Michael, enjoy the broom :rofl:

  1. I can acknowledge that the wireshark CLIENT HELLO is from the client/broker combination I am testing.
  2. I am using MQTTnet for C# 6.0 and have set the protocol to TLS1.2
  3. The client sends always the same list of cipher suites
  4. I have enabled TRACE level logging. No additional insights. Exception is javax.net.ssl.SSLHandshakeException: no cipher suites in common thrown at java.base/sun.security.ssl.Alert.createSSLException(Alert.java:131)
  5. The C# client can successfully connect plain SSL to the broker without error. I see the disconnect message after closing the client in the broker log: 2022-04-07 18:22:57,556 TRACE - Client UNKNOWN disconnected ungracefully.
  6. I have written a Java client using the HiveMQ client library 1.3.0. Connect without TLS works fine. Using TLS renders exactly the same error message. See the java code below.
  7. I have tried the Java client and broker on my personal Windows 11 machine to avoid machine configuration issues, e.g. firewall settings. Same result.
  8. I have also disabled my authentication extension. Same result.
  9. I have tried the HiveMQ MQTT CLI 4.5.1 using the following command mqtt> con -v -d --port 8883 --secure. Same result.
  10. tried 127.0.0.1 and localhost and . Same result.
  11. tried running the broker in docker. Same result.

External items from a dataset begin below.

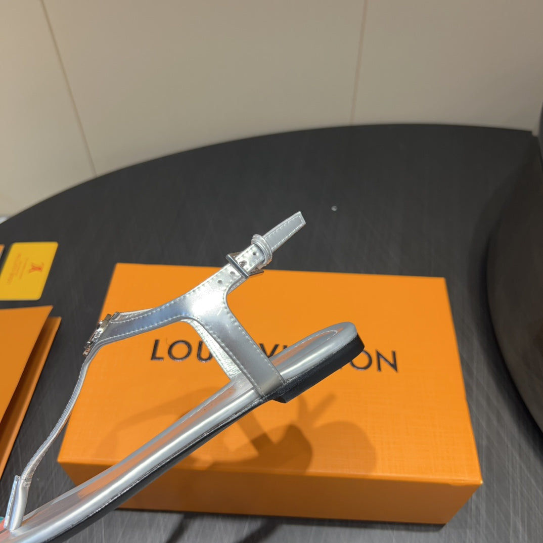 LV THONG SANDALS 25S IN SILVER CALFSKIN WITH SILVER HARDWARE
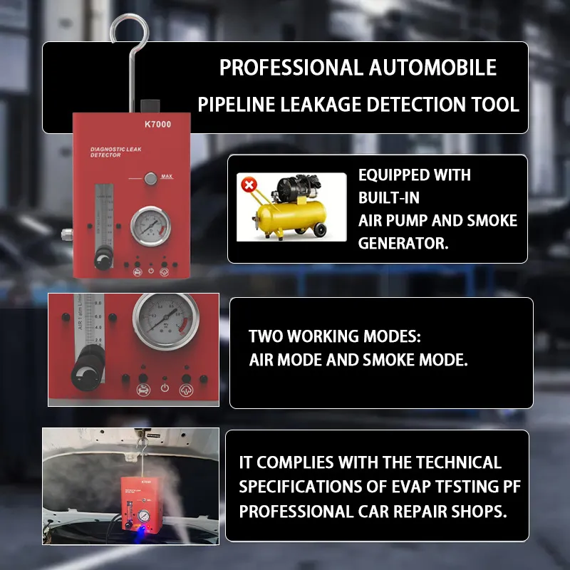 Quickly detect engine pipeline leaks with this professional-grade automotive smoke leak detector. Designed for car repair and maintenance, it helps locate air leaks in intake systems, exhaust systems, and other hidden areas where traditional methods may fail.
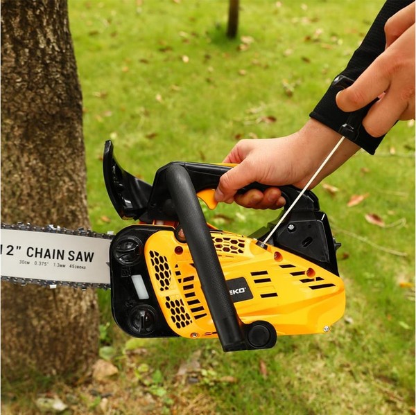 Бензопила DKCHS 25-12 — мощный и надежный инструмент для распила древесины, подойдет для ухода за деревьями на участке, а также для заготовки дров. Защитный щиток является одновременно защитой для рук оператора и тормозом цепи, что не позволяет нанести травмы при соскальзывании и обрыве оснастки. Эргономичная задняя рукоять обеспечивает крепкий хват и надежное удержание инструмента.
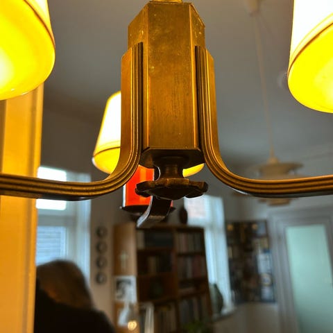 I flot og velholdt stand. Komplet sæt med baldakin, wirer, fatning og pære.
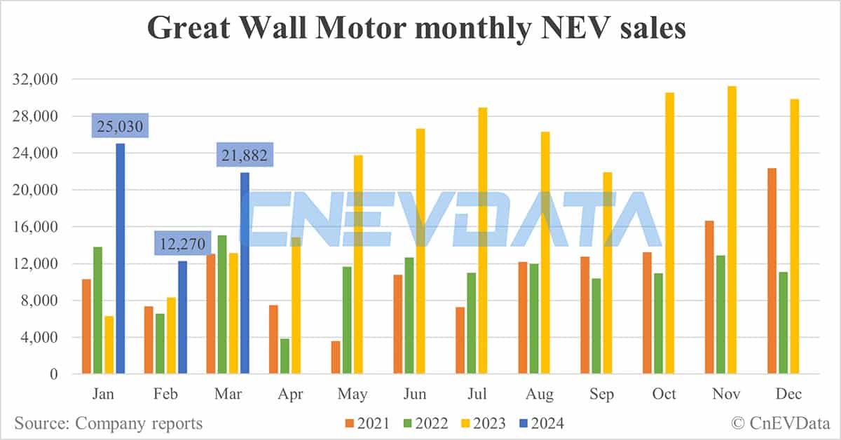 Great Wall Motor NEV sales in Mar: 21,882
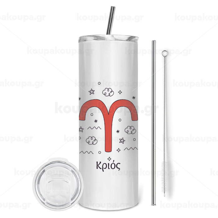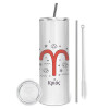 Ζώδια Κριός, Tumbler stainless steel 600ml, with metal straw & cleaning brush
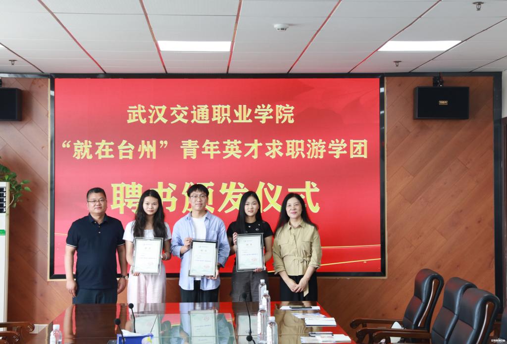 会上,双方领导为我校学生代表颁发青年英才求职游学团聘书。
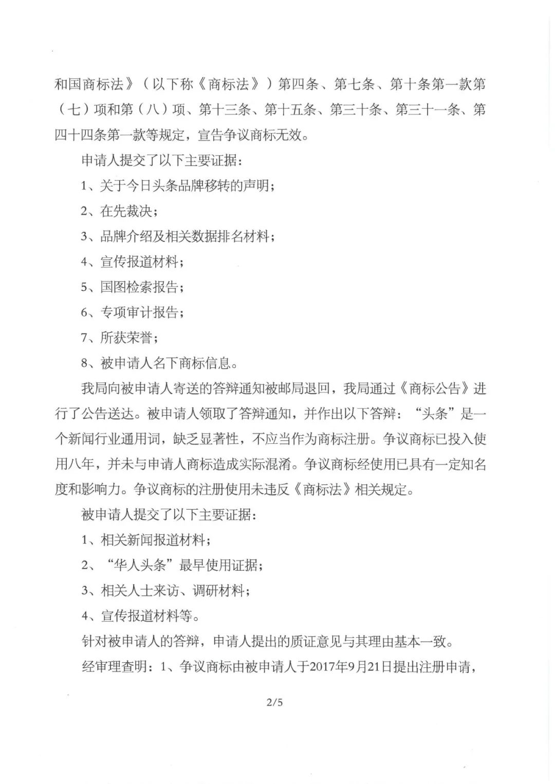 更多 >>抖音公司以其拥有注册商标“头条、今日头条”在先为由,针对华人头条已在世界100多个国家地区使用的“华人头条”商标提出“无效宣告”,经上海京沪商标事务所代理,坚持“头条”为行业用语,不能为一个主体专有使用,不构成近似,不构成混淆进行抗辨。
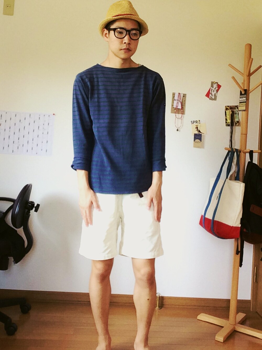 これからキャンプです‼︎ だいぶ着古したSAINT JAMES着ました‼︎ 紺地に緑のボーダーになってます( ´ ▽ ` )ノ 足はサンダル履きます♪
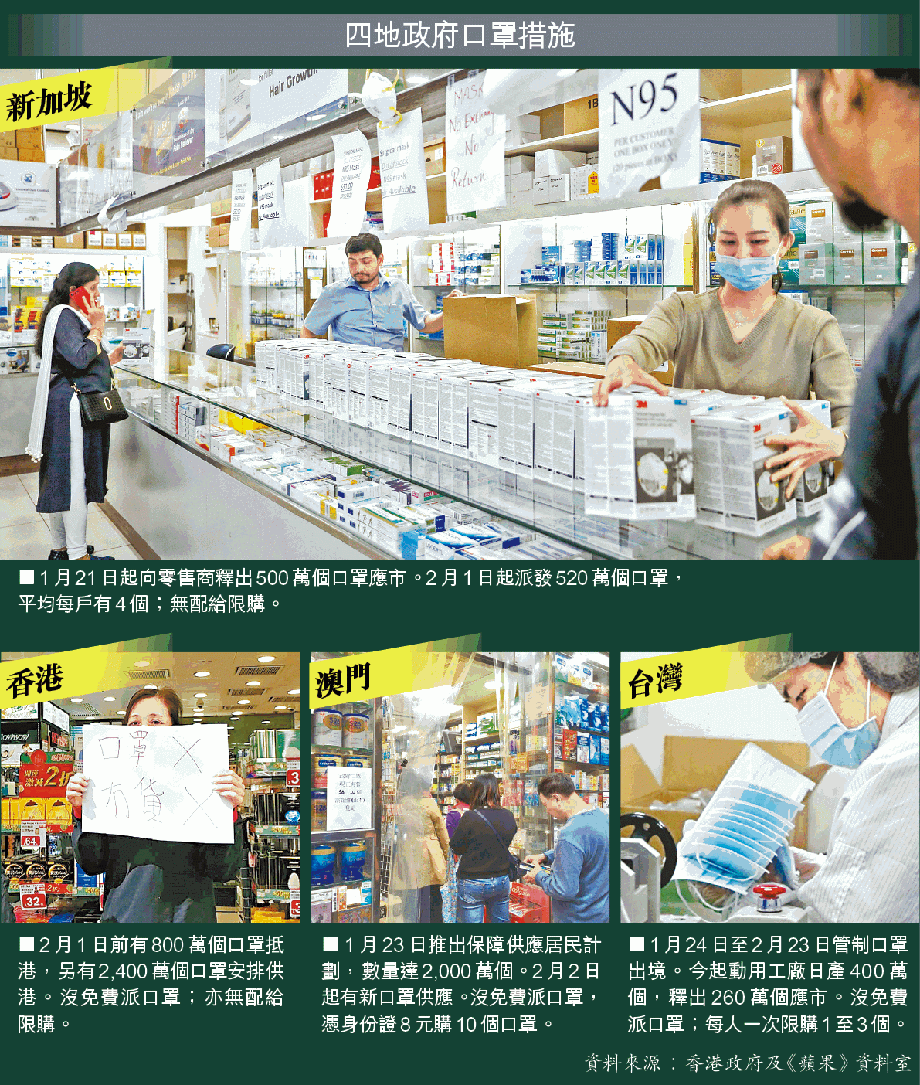 新加坡昨宣佈周六起派發520萬個口罩,平均每戶有四個。台灣今起徵用國內工廠生產口罩,每人限購最多三個,澳門亦有限購澳人購買十個的措施,惟港府拒絕頒限購令,或只限本地居民購買,商務及經濟發展局局長邱騰華表示,現時大部份買家是香港人,若硬性規定按身份購買口罩,執行上有困難。
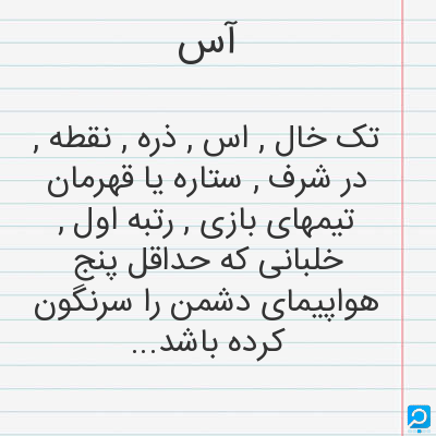 تک خال , اس , ذره , نقطه , در شرف , ستاره یا قهرمان تیمهای بازی , رتبه اول , خلبانی که حداقل پنج هواپیمای دشمن را سرنگون کرده باشد
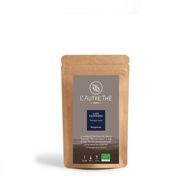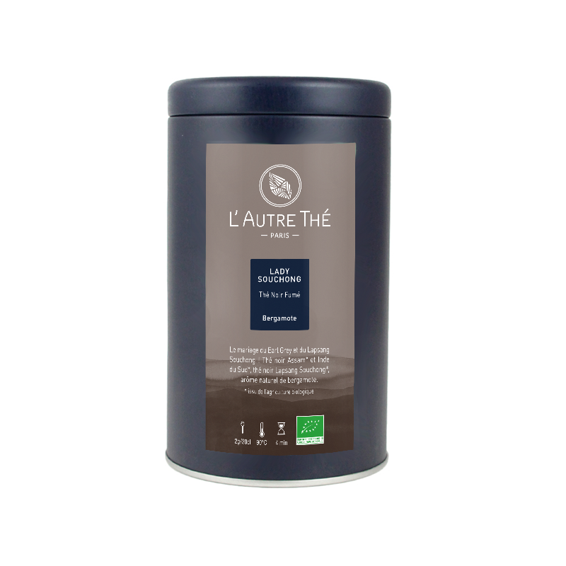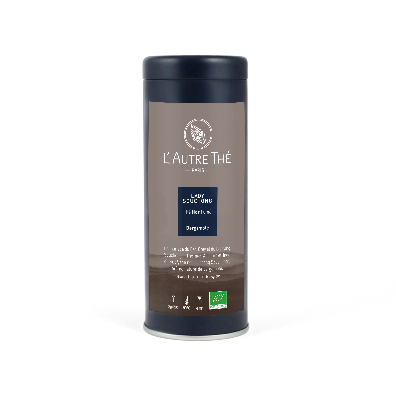 Thé noir Assam* et Inde du Sud*, thé noir Lapsang Souchong*, arôme naturel de bergamote. *Issu de l‘agriculture biologiqueDescription

I have no more ideas. Call it a day now.

Thanks a lot for your hand-holding
Matthias

This is my Java client code mentioned above.

package de.mattneug;

import com.hivemq.client.mqtt.MqttClient;
import com.hivemq.client.mqtt.MqttClientSslConfig;
import com.hivemq.client.mqtt.mqtt3.Mqtt3AsyncClient;

import java.util.UUID;

public class Main {

    public static void main(String[] args) {
        System.out.println("starting...");

        Mqtt3AsyncClient client = MqttClient.builder()
                .useMqttVersion3()
                .identifier(UUID.randomUUID().toString())
                .serverHost("...")
                .serverPort(8883)
                .sslWithDefaultConfig()
                .buildAsync();

        client.connect()
                .whenComplete((connAck, throwable) -> {
                    if(throwable != null) {
                        System.out.println("failed: ");
                        System.out.println(throwable);
                    } else {
                        System.out.println("connected");
                    }
                });
    }
}

Michael, this is solved now :slight_smile:
The problem was that the server certificate was configured wrong. The error message no cipher suites in common is misleading here.

Thanks again for your support.
Matthias

1 Like

Glad to hear, eating a broom avoided :fireworks:

Yes that message is misleading, as are those TLS messages most of the time (sadly).